3. Les propositions de la CGT
Face à ce constat, la CGT avance des contre-propositions structurées autour du retour à la retraite à 60 ans :
- Pénibilité : mise en place d’un véritable système de départ anticipé. Elle cite en exemple l’accord obtenu à la SNCF (3 ans d’anticipation, fin de carrière aménagée) comme modèle à généraliser.
- Jeunesse : validation des années d’études pour le calcul de la retraite afin de redonner confiance aux jeunes générations dans le système par répartition.
- Financement : rejet de l’argument de la faillite financière (démenti par la réaction positive des marchés boursiers). La CGT propose d’augmenter légèrement les cotisations (« part des richesses captée pour financer le capital ») pour financer le système, assumant une hausse des prélèvements obligatoires comme un levier de progrès social.
4. Critique des alternatives « libérales »
L’intervention s’attaque frontalement à deux idées reçues ou solutions alternatives souvent évoquées :
- Contre la capitalisation : la CGT rejette l’épargne retraite individuelle, jugée coûteuse pour les finances publiques (niches fiscales), risquée (volatilité des marchés) et inefficace (exemple du régime RAFP des fonctionnaires). Pour la CGT, la capitalisation ne sert qu’à ouvrir des marchés aux banques et assureurs.

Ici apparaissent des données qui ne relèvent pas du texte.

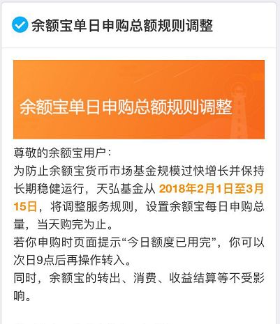 自2018年2月1日起,天弘基金调整了余额宝服务规则,余额宝正式开始“限购”,官方设置了每日申购总额,也就是说,拥有3亿用户的庞大货币基金,不是你想买就能买的了。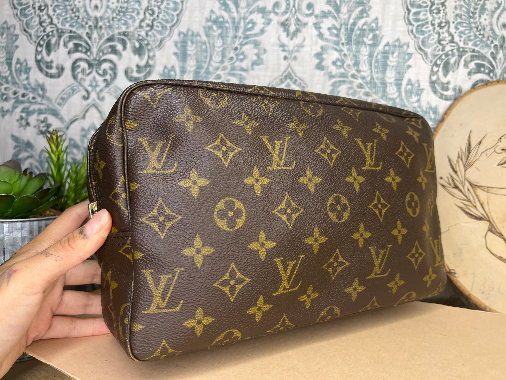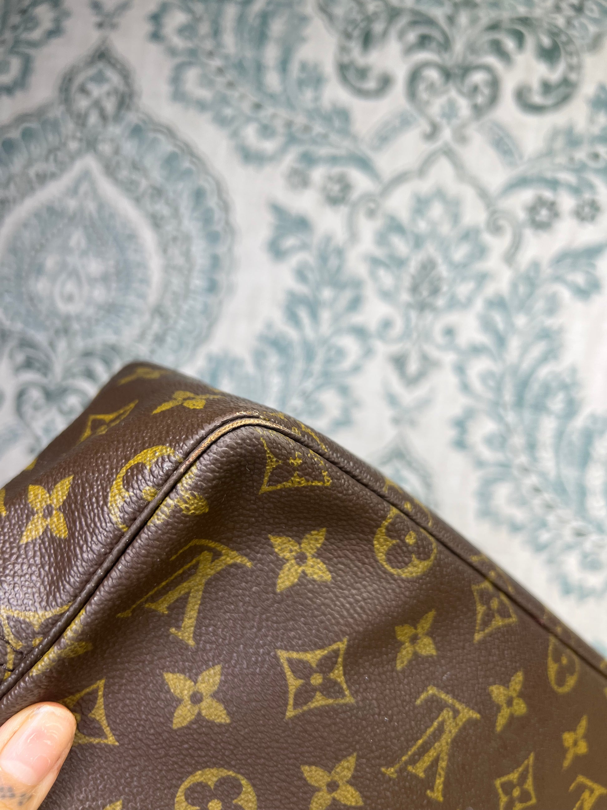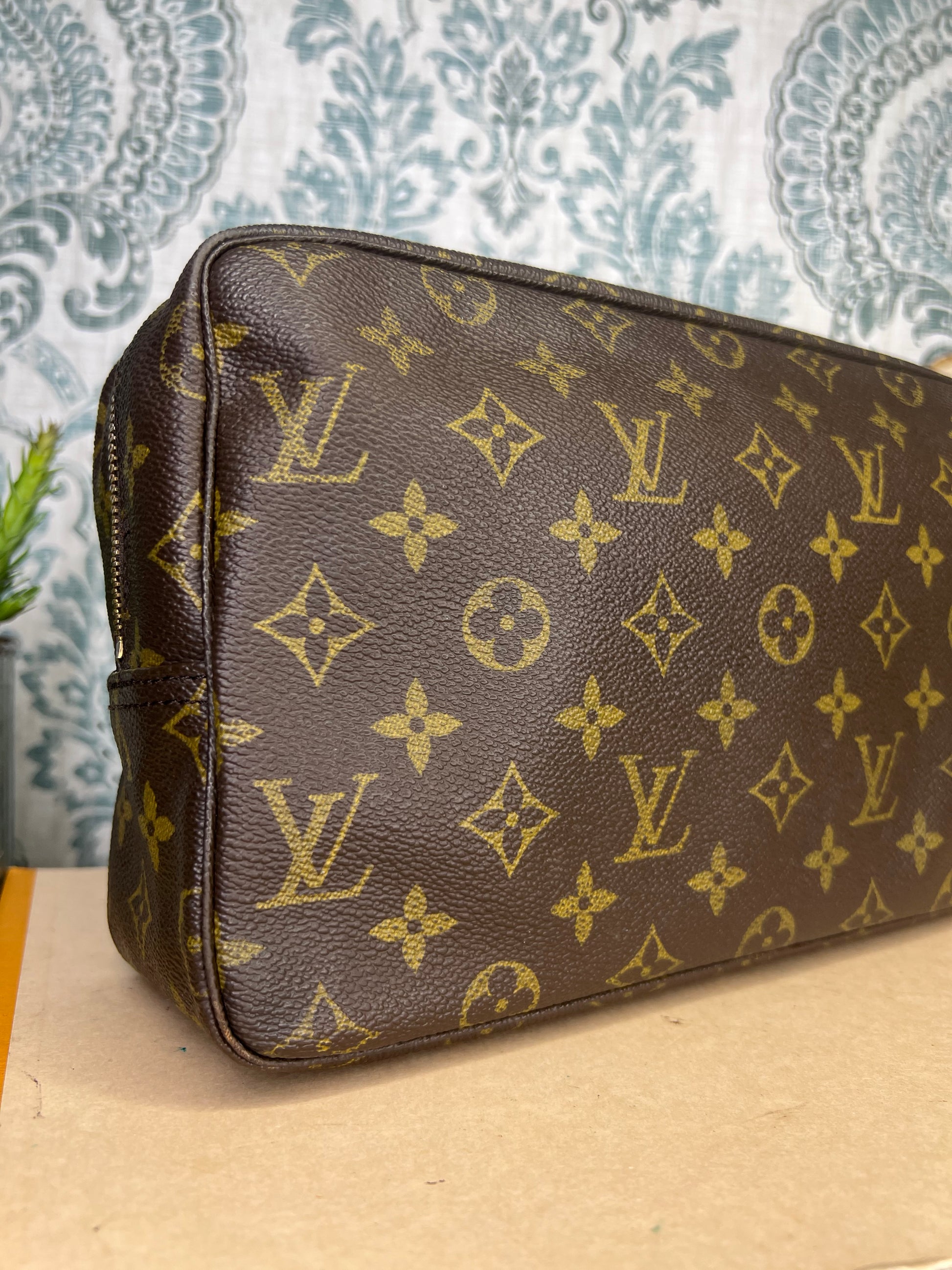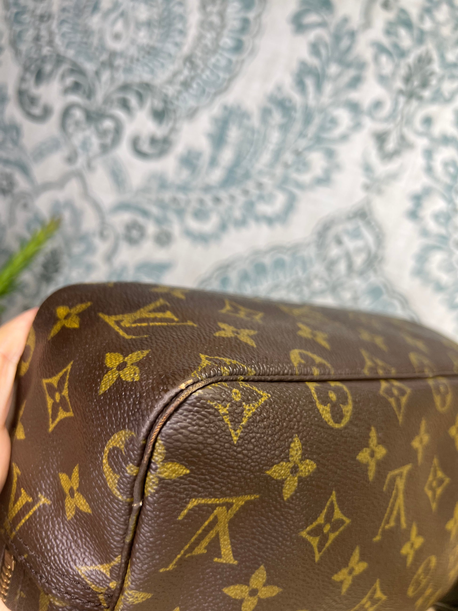 πΈ Canvas is free from any major damage. There is only a small amount of canvas chipping at corners. Monogram does have a bit of fading towards the top of the pouch, but itβs overall clear.

- Contre la « liberté » de partir : Sophie Binet dénonce la rhétorique du choix individuel de l’âge de départ, qui, sans droits collectifs forts, ne serait qu’une « liberté » de partir avec une pension de misère.
5. Stratégie politique et appel à l’action
- Méthode : la CGT ne cherche pas un consensus mou mais un « relevé de désaccords » clair au sein du CESE.
- Référendum : proposition majeure de l’intervention : que les organisations syndicales puissent proposer un sujet de référendum à l’issue de la conférence, pour permettre aux Français de trancher directement la question des retraites, évitant ainsi que le sujet ne soit noyé dans les débats de la présidentielle de 2027.
- Défense de la Sécurité Sociale : appel solennel au Ministre du Travail pour qu’il défende le système par répartition (« trésor national ») plutôt que d’adopter une posture « agnostique » ou gestionnaire.
Synthèse
L’intervention de Sophie Binet vise à délégitimer la réforme en cours par ses conséquences sociales concrètes (chômage des seniors) et à repolitiser le débat en opposant deux choix de société : la capitalisation/individualisation contre la répartition/solidarité. La stratégie finale repose sur l’appel au peuple (référendum) pour contourner le blocage politique.